Hassan Nagib concentrates his research on turbulent aerodynamic flow, as well as the design and flow quality of wind tunnels. Under his leadership, IIT built one the world's most sophisticated wind tunnels for aerodynamics research, the National Diagnostic Facility--unsurpassed for accuracy in the 300-500 mph region. Professor Nagib has received numerous awards for his research, including the Robert T. Knapp award from the American Society of Mechanical Engineers and the Outstanding Research Achievement Award from NASA.

Henry H. Perritt, Jr., is a nationally recognized expert in information technology law. Professor Perritt is the author of more than 45 law review articles and 15 books on technology and law and employment law, including LAW AND THE INFORMATION SUPERHIGHWAY. He served on President Clinton's Transition Team, working on telecommunications issues, and drafted principles for electronic dissemination of public information, which formed the core of the Electronic Freedom of Information Act Amendments adopted by the Congress in 1996.

Charles Sizer is currently Director of the National Center for Food Safety and Technology at the Illinois Institute of Technology.  He received his undergraduate degree in chemistry from the University of Nebraska at Kearney and then went on to get a Masters and Ph.D. in Food Science from Colorado State University.  He has held positions as Manager of International Product Development at Frito-Lay Research, Assistant Professor at Iowa State University and Director of Product Applications at Tetra Pak, Inc.  Dr. Sizer has worked extensively in the area of food process development and has been granted 12 U.S. patents and numerous international patents.  He has written or presented 90 professional papers and has actively participated in professional organizations associated with food processing.

A. Dan Tarlock teaches courses in land use, property, energy and natural resource law, environmental policy, and international environmental law. Professor Tarlock is a frequent consultant to local, state, federal and international agencies, private groups and law firms, and is an elected member of the American Law Institute. In 1988, Professor Tarlock was appointed to the Water Science and Technology Board of the National Academy of Sciences. From 1989-92 he was the chair of a National Academy of Sciences/National Research Council committee to study water management in the western United States.

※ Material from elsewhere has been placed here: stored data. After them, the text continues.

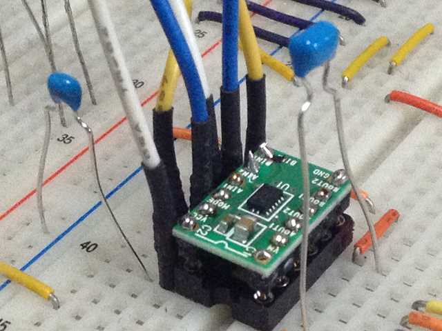 ●従来使用のFETアレイ ( 東芝:MP4212<5A>、日立:4AM12<8A> )に比べたら ……… @1モータに対しての制御線(4本→2本)が、2本減りました。 これに伴い、PIC側からの接続ピン(4ピン→2ピン)も2ピン減りますので、 空いたピンを他の用途で活用できます。 A最大出力が3Aですので、パワーダウン(ドライブ能力)です。 1回路(Hブリッジ): 1.5A ( 2回路あるので、並列接続すれば最大3A ) B1個の当該ドライバ(DRV8835) で、2モータを、コントロールできます。 DMDとして動かしましたが、汎用のノーマルモーター(FA-130)では、パワー不足に よりNGでしたが、低消費電流(低回転型130) モーターでは、使用できました。
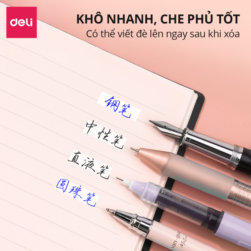 ✨Bút Xóa Băng 12M Không Tiếng Ồn Deli - Che Phủ Tốt Khô Nhanh, Viết Đè Lên Ngay Sau Khi Xóa - Băng kéo học sinh văn phòng
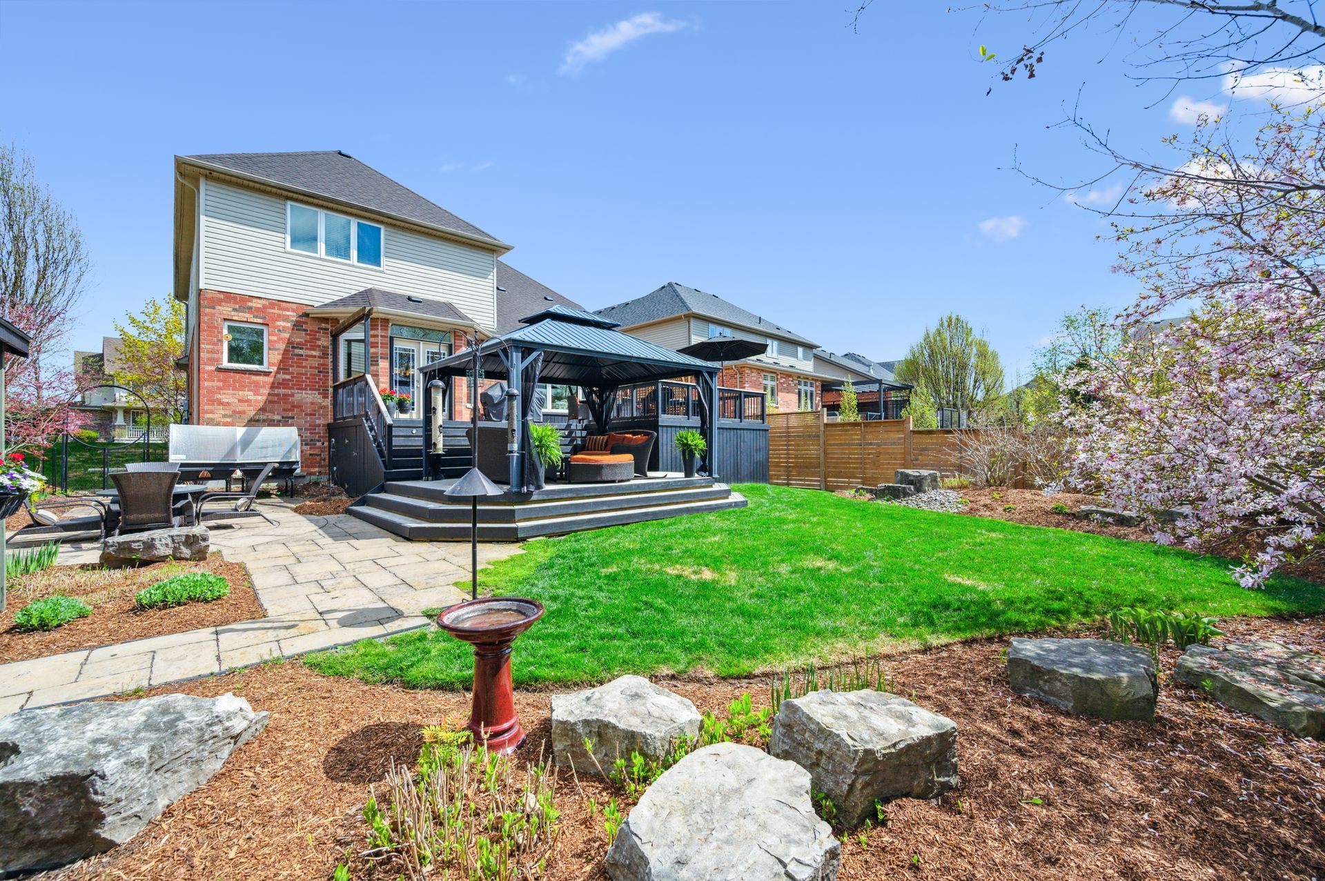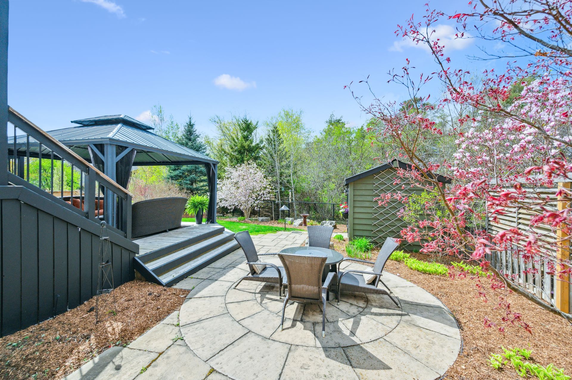 8 Ray Crescent offers a rare combination of privacy, space, and style available for the very first time. Set on a premium 50-foot lot in one of Guelphs most sought-after neighbourhoods, this 2,717 sqft. 4-bedroom home is perfectly designed for both everyday living and unforgettable entertaining. The backyard is where it truly shines surrounded by mature trees with no rear neighbours, it feels like your own private escape. Enjoy morning coffee on the oversized deck, cozy up around the fire on the lower stone patio, or host summer dinners with ease thanks to gas lines for both BBQ and fire table. A powered shed adds functional storage, and the full irrigation system keeps everything lush with little maintenance. Inside, the main floor is bright and welcoming, with a layout that flows effortlessly from room to room. The kitchen features a walk-through butlers pantry, upgraded appliances including a Wolf gas stove and plenty of cabinetry. The adjoining family room centers around a gas fireplace and large picture window with treed views. A versatile front room offers space for a formal dining area, home office, or sitting room. Upstairs, four spacious bedrooms include a calming primary suite with walk-in closet and a completely renovated ensuite boasting a glass shower, stand-alone soaker tub, and double vanity. The finished basement adds incredible flexibility with a large rec room, second gas fireplace, home bar (with fridge and dishwasher), built-in workspace for two, home gym, and a spa-like bathroom with a steam shower. A fifth room with egress window is ideal for guests, hobbies, or an additional office.With a new roof, new furnace, upgraded attic insulation, and an EV-ready garage, this home is completely move-in ready.
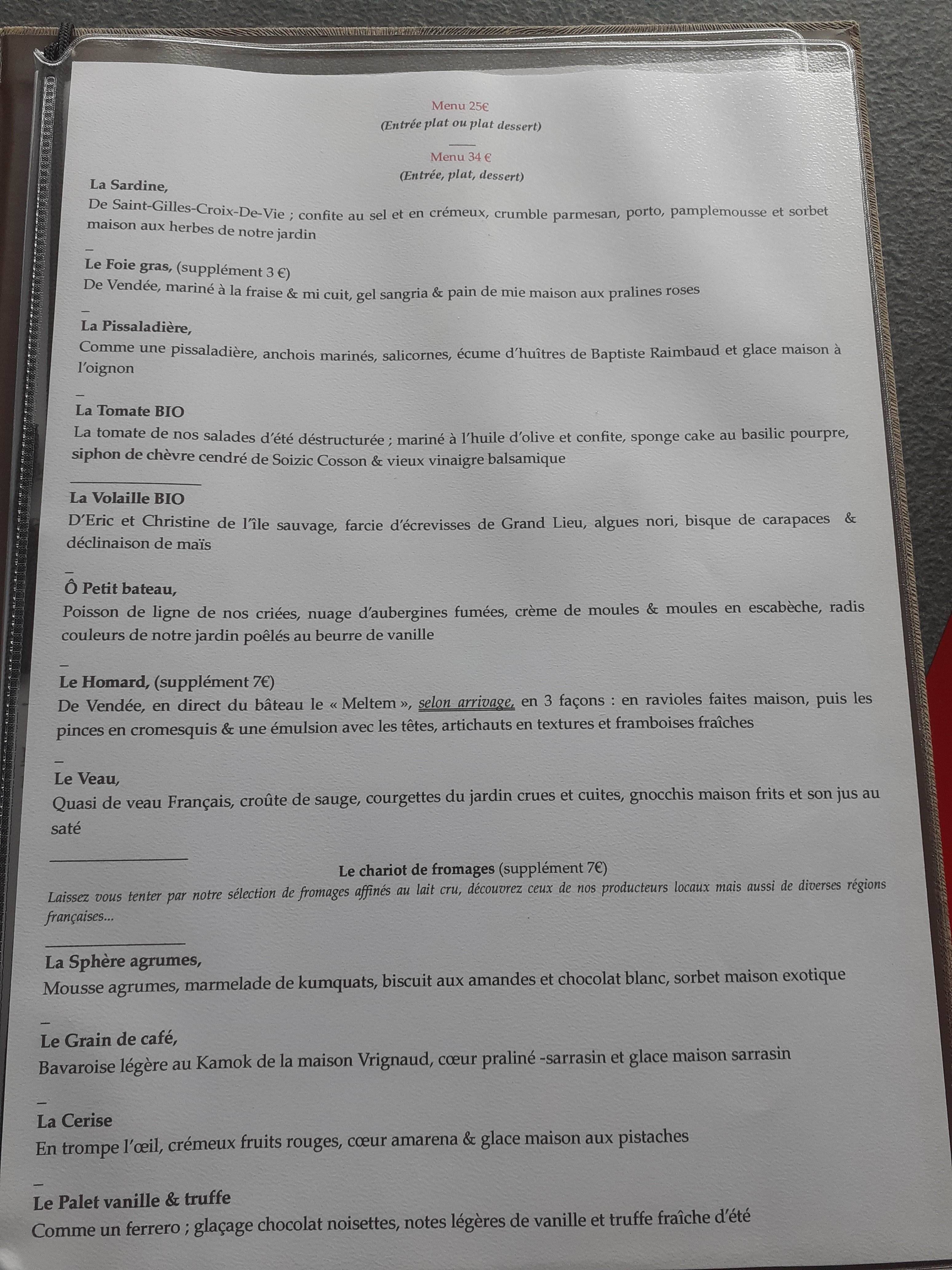 Le menu sur le tableau est à 22 euros avec 2 entrées 2 plats 2 desserts sauf que la serveuse au moment de la prise de clé ne nous a pas dit que le deuxième choix ne faisait pas partie du menu. A la sortie la sauce n est pas la même très déçu dommage car la cuisine est le service sont exceptionnel
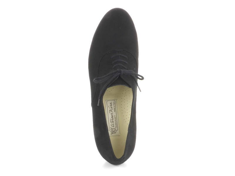 Dieser Werner Kern Damen Standard-Tanzschnürer aus schwarzem Ziegenveloursleder zeigt sein Feuer ganz subtil. Die fein gearbeitete Passgenauigkeit vereint sich mit einem Fußbett aus Leder, das Schweiß zuverlässig aufnimmt und vom Fuß wegleitet. Die Latexzwischensohle bietet einen immensen Vorteil bei langen Trainingseinheiten – der Schuh ist kaum zu spüren. Für sicheren Stand sorgt der 3,4 cm Tango-Absatz, der auch schnelle Schrittfolgen mit schockabsorbierender Fersendämpfung abfedert.
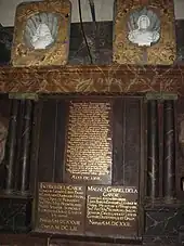 The De la Gardie family mausoleum in the abbey church of Varnhem. Statues of Magnus Gabriel De la Gardie (right) and his father Jacob.
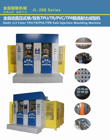 金磊鞋機能生產全自動圓盤式的鞋底射出成型機,全自動立式射出成型機,全自動EVA射出成型機等系列的鞋機產呂及相關配件,年產量達到150臺,龍其是公司自主研發的全自動的數控產品雙色機,能夠一次成型兩種顏色,而且擁有多項技術,可以生產出雙色或三色的鞋底,解決了傳統制鞋中多色鞋底需要膠水粘連的問題,打破國外同類機械壟斷。
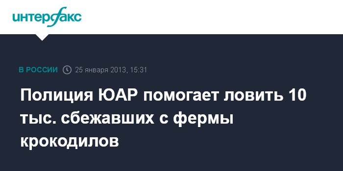 Йоханнесбург. 25 января. INTERFAX.RU - Полицию ЮАР призвали помочь фермерам в отлове 10 тыс. крокодилов, сбежавших накануне с крокодиловой фермы "Раквена" из-за наводнения, сообщил южноафриканский новостной канал "Ньюс 24".
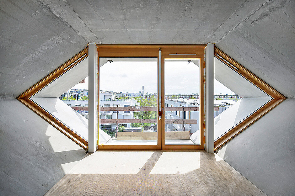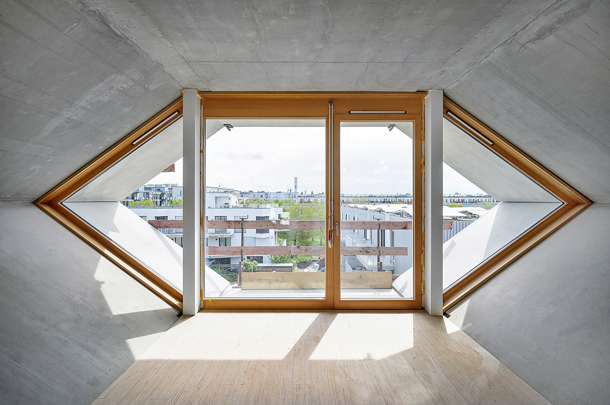 Experimentelle Form mit experimentellem Inhalt – so wünschte es sich der Bauherr. Das Ergebnis ist eine neue Wohnform: gestapelte durchgesteckte Wabenröhren, fast ohne gerade Linien. Architekt Peter Haimerl formuliert es so: »Wir reißen die üblichen Wandstrukturen einer Box für ein neues Raumgefühl auf. Das Rechteck wird zur Wabe, zu einem neuen Lebensraum mit weiterem Horizont.« Hexagonalstrukturen sind in der Natur weit verbreitet. Sie ermöglichen die Kombination zahlreicher Raumeinheiten. »Im Wabenhaus verbinden sich Cluster und vernetzen sich«, so Haimerl. Wände werden zu Verbindungstreppen. Dazu wurde die Seitenfläche des Sechsecks so lange gestaucht, bis sie der DIN-Norm für Treppen entsprach. So gelangen die Bewohner in die nächste Ebene. Klassische Treppenhäuser entfallen. Lediglich eine sogenannte Himmelsleiter verläuft schräg durch das Haus nach oben, verbindet die Etagen und endet in den für alle zugänglichen Aufenthaltsräumen. Das Wabencluster ist laut Architekten besonders gut für genossenschaftliches Leben geeignet: Es ist einbindend und sozial, schafft Gemeinschaft und öffnet sich zur Nachbarschaft.
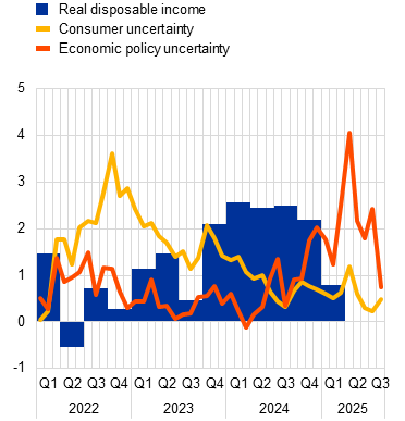 Notes: Business expectations for demand in retail trade (excluding motor vehicles) and for demand in consumption-weighted services refer to the next three months. “Consumption services demand” is based on the expected sectoral demand indicators of the European Commission’s business survey of services, weighted according to the sectoral shares in domestic private consumption from the FIGARO input-output tables for 2022. The consumption services demand series is standardised for the period from 2005 to 2019, consumer uncertainty and economic policy uncertainty are standardised for the period from April 2019 to August 2025 with respect to their averages for 2019, owing to data availability, while all other series are standardised for the period from 1999 to 2019. The economic policy uncertainty indicator is the GDP-weighted average of the standardised country series for Germany, France, Italy and Spain. The latest observations are for the second quarter of 2025 for private consumption, the first quarter of 2025 for real disposable income and August 2025 for all other items.
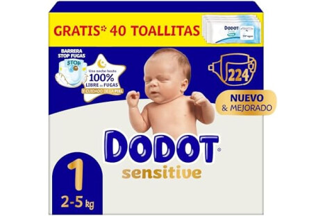 Dodot Pañales Bebé Sensitive, Talla 1 (2-5 kg), 224 Pañales + Regalo de 40 Toallitas Aqua Pure 99% Agua, Hasta 12 h De Protección Antifugas y Cuidado de la Piel, Pack Mensual
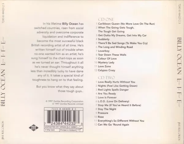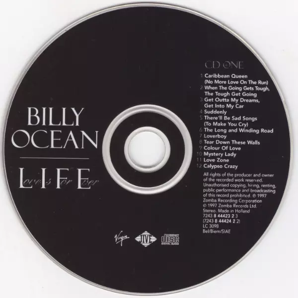 Billy Ocean: L.I.F.E. (Love Is For Ever) version on 2CD in Standard edition. This particular edition was published in Europe in publishing company Jive in cooperation with Virgin year 1997. Album spans genres Pop, Electronic, Funk / Soul, Balad, Synth-pop, Soul, Funk and Disco.

Richard Warner was an assistant professor of philosophy at the University of Southern California and the University of Pennsylvania before attending law school. Mr. Warner holds a J.D. from the University of Southern California, where he served on the Law Review and was elected to the Order of the Coif. He received his Ph.D. in philosophy from the University of California, Berkeley, and he received his B.A. (with distinction and Phi Beta Kappa) in English from Stanford University. Professor Warner has authored articles and books on philosophy in the areas of ethics and philosophy of mind. He writes and lectures on jurisprudence, contract law, and the use of computers in law teaching. 

Non-resident Scholars

The following non-resident scholars are affiliated with the Institute:

Nanette Elster, Attorney, Spence & Elster, P.C., Adjunct Professor, DePaul University College of Law

Charles Inlander, President, Peoples Medical Society

Abby Lippman, Professor, McGill University

Joan Lebow, Attorney, Lebow & Malecki, L.L.C.